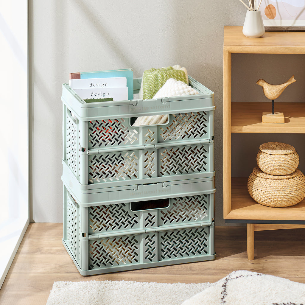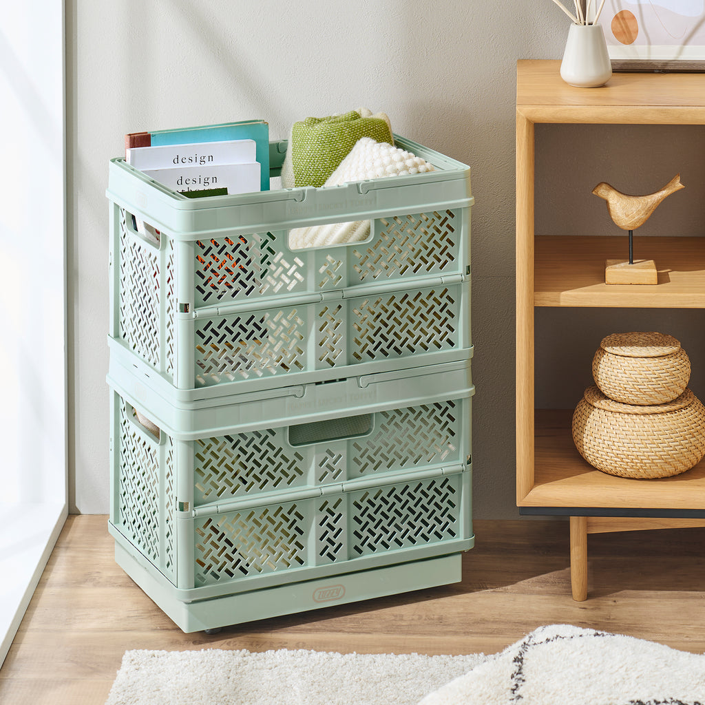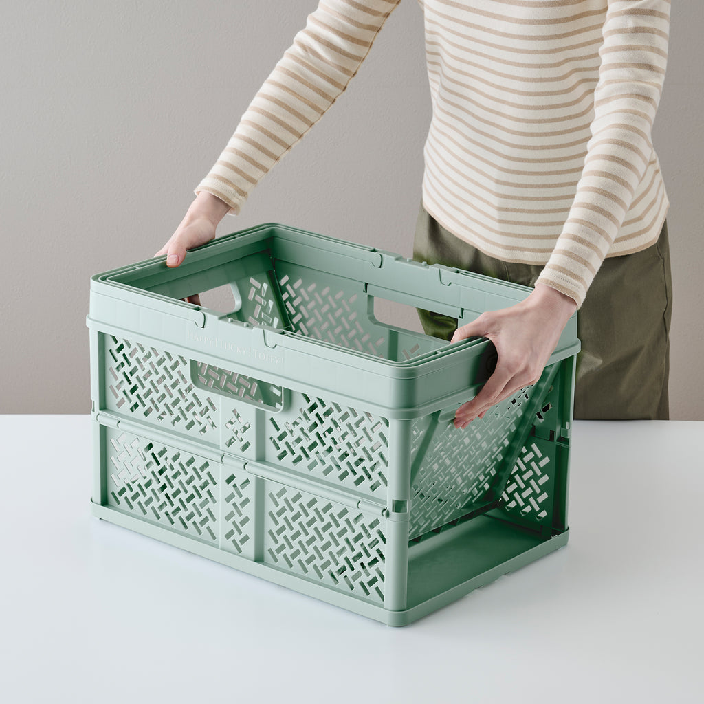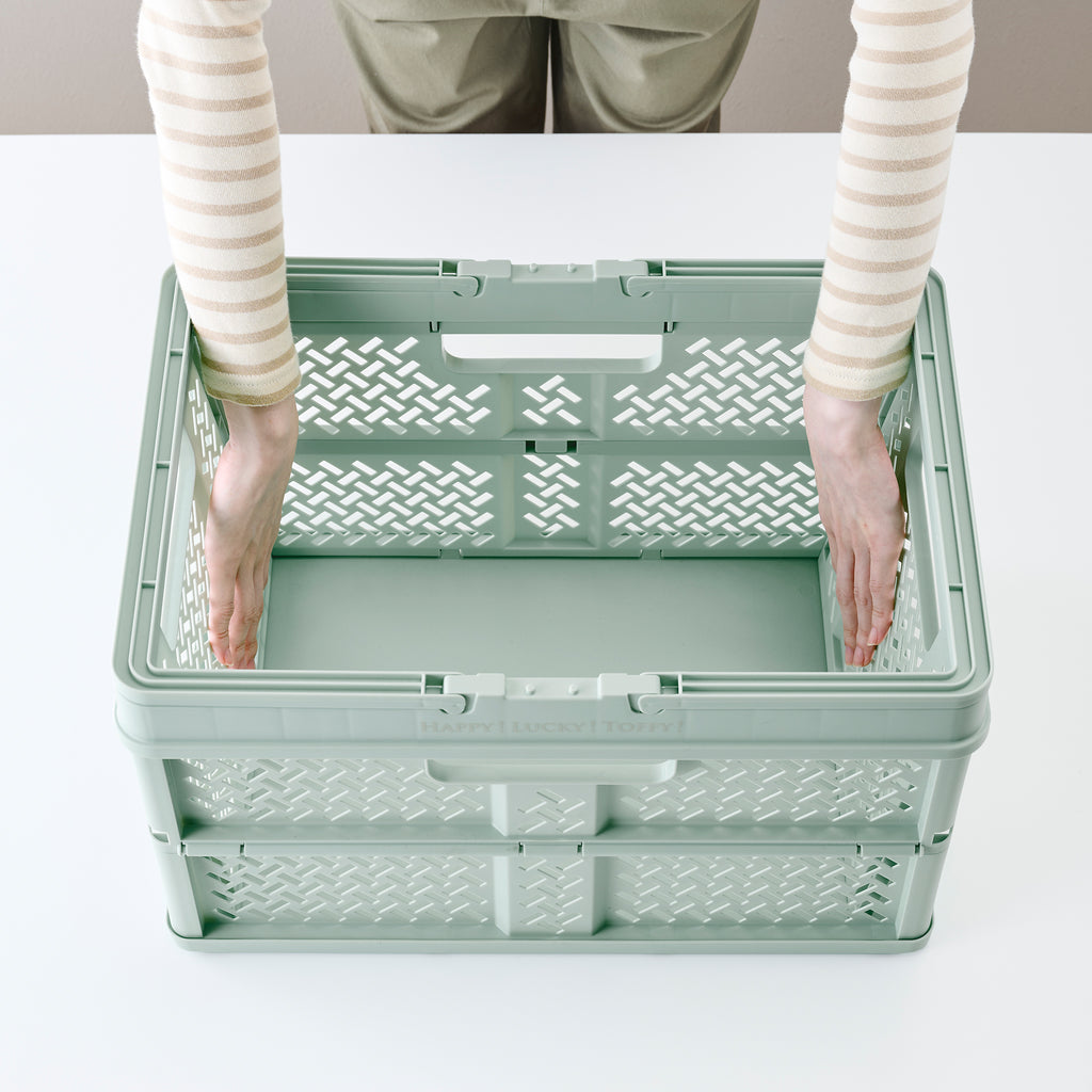 おしゃれでPOP なデザインのハンドル付きバスケット。 使わないときはコンパクトに折りたためるので、収納時もスマート。 おもちゃや衣類、食材のストックやアウトドアの荷物入れ、ショッピングなど幅広く大活躍!!
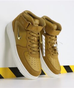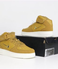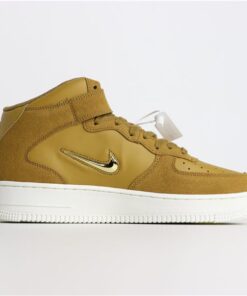 Featuring a combination of premium leather and soft suede, it also includes the midfoot velcro strap, shiny bronze small swoosh on the side, tonal lacing and a pristine white sole.
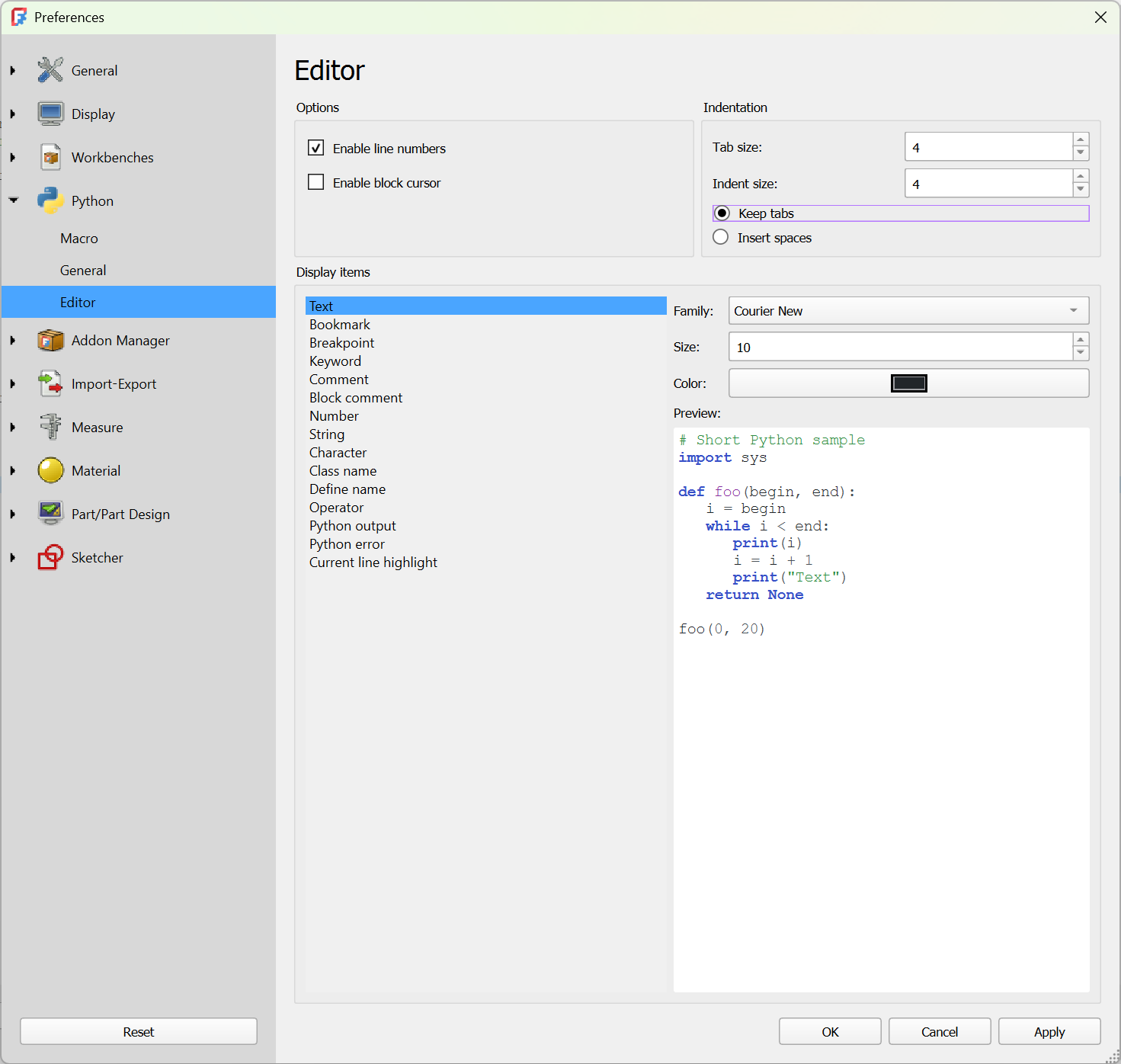 FreeCAD Python Indent Settings
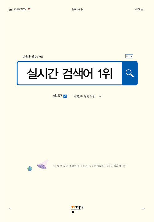‘지구의 종말’ 디데이를 앞둔 청소년들의 마음을 위로하고 소통하며 사람들의 심리와 다양한 모습을 보여주고 있는 책이다. 사실과 거짓이 함께 공존하는 요즘의 인터넷 세상에서 ‘실시간 검색어’ 순위에 따라 다양하게 영향을 받는 모습을 톡톡 튀는 문체와 아슬아슬하게 꼬리에 꼬리를 무는 궁금증을 풀어가는 재미에 단숨에 읽힌다.
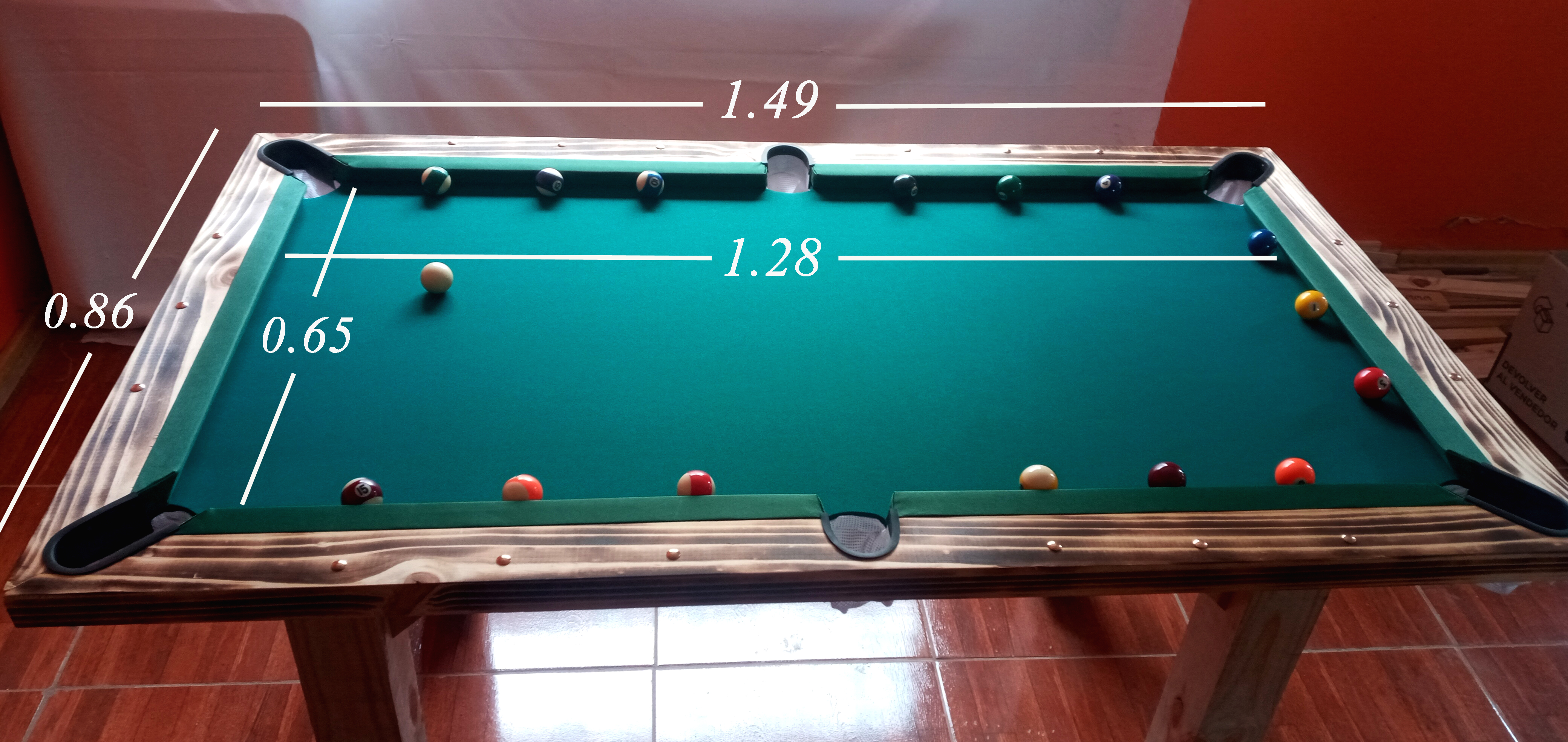 Las mesas de color que no sean verde se manchan con mucha facilidad y son más difíciles de vender, por lo tanto si el cliente desea una mesa con color rojo, azul, etc. Deberá cancelar la totalidad de la mesa antes de fabricarla.
__________
## [TASK STATEMENT]
With the pictures removed, return the data above word for word.

## [EXERCISE ANSWER]
 おしゃれでPOP なデザインのハンドル付きバスケット。 使わないときはコンパクトに折りたためるので、収納時もスマート。 おもちゃや衣類、食材のストックやアウトドアの荷物入れ、ショッピングなど幅広く大活躍!!
 Featuring a combination of premium leather and soft suede, it also includes the midfoot velcro strap, shiny bronze small swoosh on the side, tonal lacing and a pristine white sole.
 FreeCAD Python Indent Settings
‘지구의 종말’ 디데이를 앞둔 청소년들의 마음을 위로하고 소통하며 사람들의 심리와 다양한 모습을 보여주고 있는 책이다. 사실과 거짓이 함께 공존하는 요즘의 인터넷 세상에서 ‘실시간 검색어’ 순위에 따라 다양하게 영향을 받는 모습을 톡톡 튀는 문체와 아슬아슬하게 꼬리에 꼬리를 무는 궁금증을 풀어가는 재미에 단숨에 읽힌다.
 Las mesas de color que no sean verde se manchan con mucha facilidad y son más difíciles de vender, por lo tanto si el cliente desea una mesa con color rojo, azul, etc. Deberá cancelar la totalidad de la mesa antes de fabricarla.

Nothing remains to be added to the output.